The officer looked as if his disgust had outweighed his suspicion. One more look at the giant and his bodily etchings and he was quite through.
“Alright, on with you. But don’t go parading these ragamuffins around town. Wouldn’t be prudent. Good day.”
Conrad smiled and bid the officer farewell. The lawman and his horse continued on and out of site.
Conrad addressed us.
“My apologies. But we cannot afford to have our quest squandered by the local badge-boys.” He looked down the plain and pointed to an old brown barn that stood connected to an empty dock at the bank of a vast lake. Conrad narrowed his eyes and pointed confidently. “There, my fellow Ahabs. There’s our castle.”
And so we continued on and eventually off the gravel road. We stepped through the slanted wheat towards the barn. The ground was oozing with more moisture at every step. We finally reached the old, lifeless shelter, waiting for Conrad or Fritz to open the door beneath the soft sloshes of the lake.
Oddly, the door did not bare a lock, only a triple-knotted strand of thick rope. Fritz took two red-handled daggers from his side and began to make his incisions, two-bladed, like a downtown butcher upon a fresh slab of pork.
“Rope? You kidding?” said Bill skeptically.
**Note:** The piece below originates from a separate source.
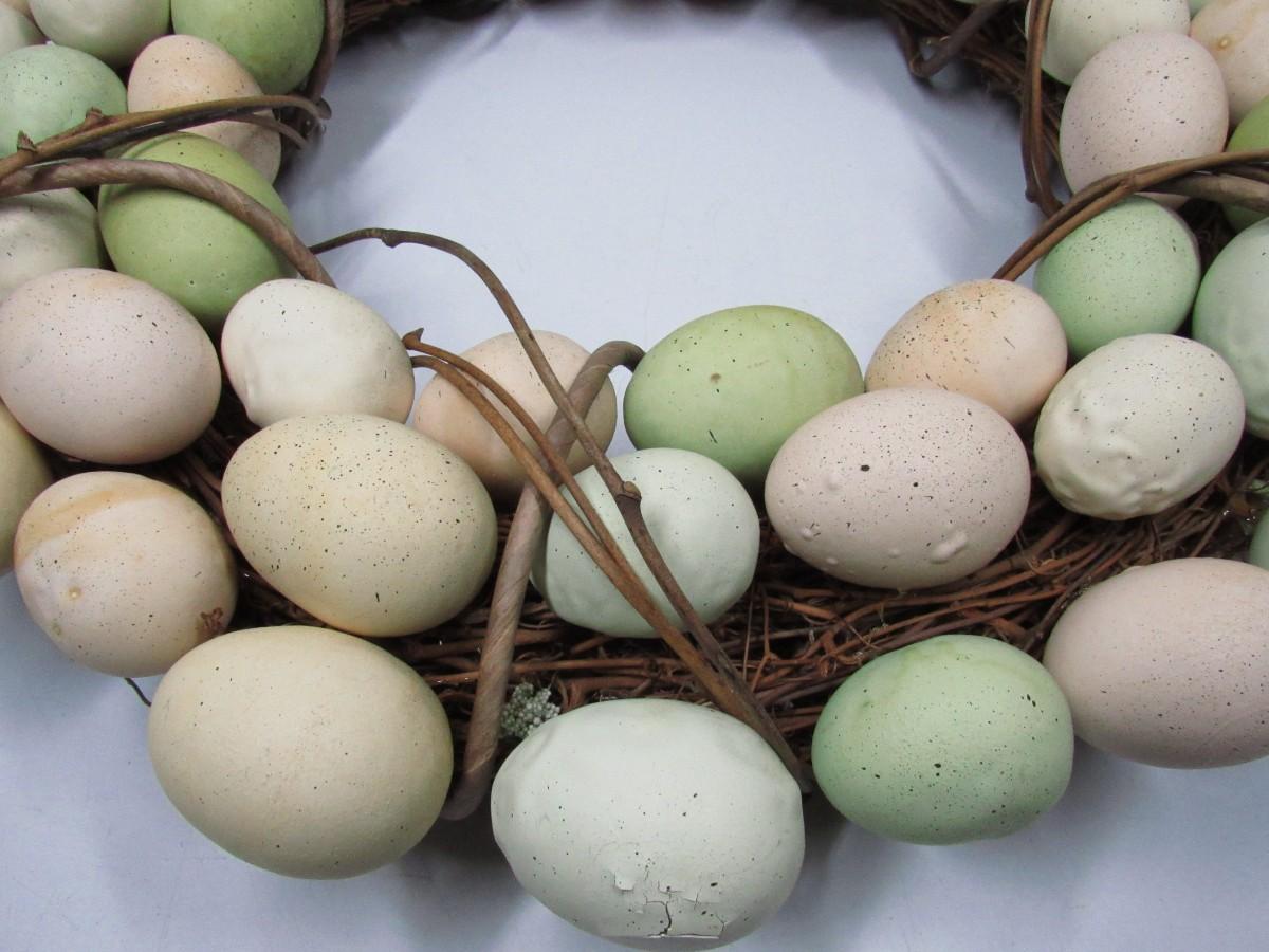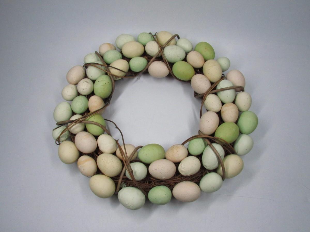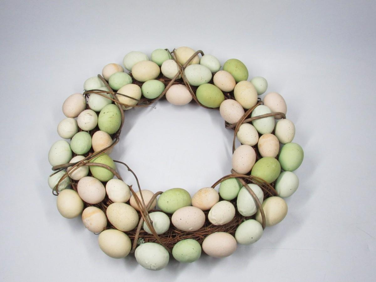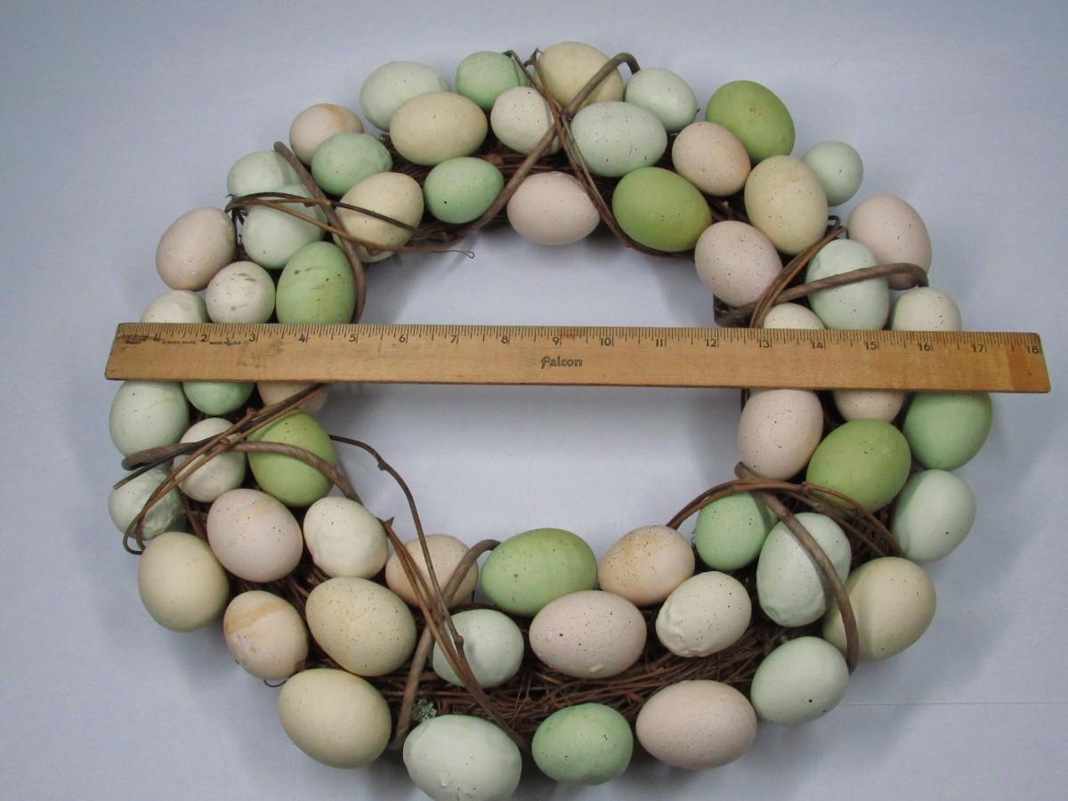 There is some light wear to the eggs on the wreath, but there is no significant damage and in good displayable condition. Check pictures for more details and sizing.

“Rope, yes, and kidding you, most certainly not,” said Conrad while Fritz flexed inked arms and tore thickets of threads. “But, what you fail to see is that this here is not your poor man’s noose, oh no. Tis a special strand, of the Rhodesian sort. Only able to be cut by particular metal alloys, and even then…” He widened his eyes towards the sawing Fritz, but quickly smiled.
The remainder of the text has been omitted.